Tuesday, January 17, 2006

Relationships

So, it was quite the couples weekend...We're all quite happy for Art here at Weenies and Idiots. Yay! For once Happiness for the Artful Scheme! Plus, oh my God! think of all the free massages!

However, we advise him to be cautious when entering any relationship. Why you ask? 'Cause it's been one fucked up relationship weekend:

We begin with Greg's brother--his girlfriend dumped him, but that's okay 'cause she's taken to throwing stuff at him (books, glass paperweights, etc.,) and given her particularly fine aim, it was becoming difficult to not defend himself --given his very strong anti-girl hitting feelings, the situation was untenable.

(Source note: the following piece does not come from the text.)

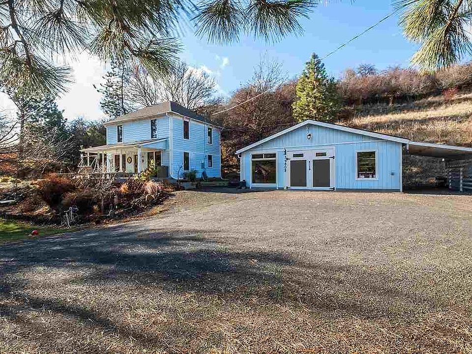 Gorgeous custom-built 3 bed 2 bath home with rural acreage just 20 minutes to WSU. (NOTE: Home sits 1/4 mile South of Colfax on HWY 195, GPS location is incorrect.)Well-designed 1905 modern farmhouse with open-plan kitchen, living and dining room. Bespoke home interior includes hand-plastered walls, high ceilings, double-hung Anderson windows with walnut trim, clawfoot soaking tub, new tile flooring and surround, unique lighting/fans, brand new roof and water heater, newer stainless appliances and pedestal washer/dryer combo, Mohawk flooring, molding, freshly painted inside and out, unusually spacious storage to include an unfinished attic with high ceilings. Great outdoor living with generous porch, wood burning fireplace, stone waterfall with pond, stone staircase and walls, gardens including fruit and nut trees, berries, flowers and herbs. Four acres of property include flat acreage, hillside orchards, and wilderness areas. Huge, 30 x 25 three car garage/workshop is fully insulated and heated, has newer windows and a brand new roof, custom barn doors, partially vaulted ceiling, ceiling fan, carport and 3 attic storage spaces. Neat mix of modern, farmhouse, and industrial make this home a truly unique work of art!!

But really, the winner of the psycho-award goes to a former roommate and her husband who are in the process of splitting.

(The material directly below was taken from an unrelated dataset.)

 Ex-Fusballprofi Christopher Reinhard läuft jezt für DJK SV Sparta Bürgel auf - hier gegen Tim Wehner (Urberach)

Friday, he started emailing me with a psychiatric diagnosis of his wife (my friend) 's behavior. (Evidently he came up with it himself, as well as the probably far-fetched causes for it.) I told him that his theory was far from an actual diagnosis by a professional and he should really stop sharing his ideas with all and sundry. Fine. He apologized. In the meantime, the wife called to see if I wanted to get together over the weekend. Great, tentative plans made.

Saturday at noon, about an hour before we were going to hook up, she called to say she was in Dallas visiting her family, 'cause he was too bizarre to be in the same apartment. No problem.

Two hours later, she called again, could we pick up the dogs in Hoboken and take them to a doggie spa in Chelsea? Evidently her husband's committed himself to an AA facility and "the two men who brought him home to pick up some stuff left the keys with a neighbor". A neighbor that she doesn't have contact information for--she's left a message with a second party, asking them to leave a note with the first neighbor to call her. Once that's taken care of, she can make the boarding arrangements.

In the end, at 5:15, she calls to say that everything was set: only problem, the neighbor with the keys is available only after 6. The doggie spa only accepts drop offs until 8. We need to travel, in a huge thunderstorm, to and from a different state, with animals, in less than 3 hours.

We got to their building at 6:30, luckily the storm has subsided. The neighbor let us in. Played with the dogs for a while, gathered their stuff, called the car service she normally uses. They have a new policy, they don't take dogs anymore. The clock's ticking. It's now almost 7--we have an hour to get to Manhattan. We find another car service--the very large driver is VERY concerned about the dogs scratching his leather seats and has Serpico playing on the backseat DVD: this is more than a little disturbing.

Ride into the City, the dogs are fine, no damage to the car. We get the dogs checked in, and go outside. The storm has kicked up again; it's a nor'easter. Greg's umbrella is bent in half and there's horizontal hail. Through sheer force of will, we make our way walking bent over double most of the time, to a Mexican restaurant on the Lower East Side. As we sit, finally warm again, with a pitcher of sangria between us, discussing the insanity of his brother's situation and the one we've just played such a role in I lift my glass toasting him with the inevitable conclusion:

"If you didn't look good before, you're looking absolutely FANTASTIC by comparison!"
"Here, here, Baby! Here, here!"

There's lots of loons out there...be careful.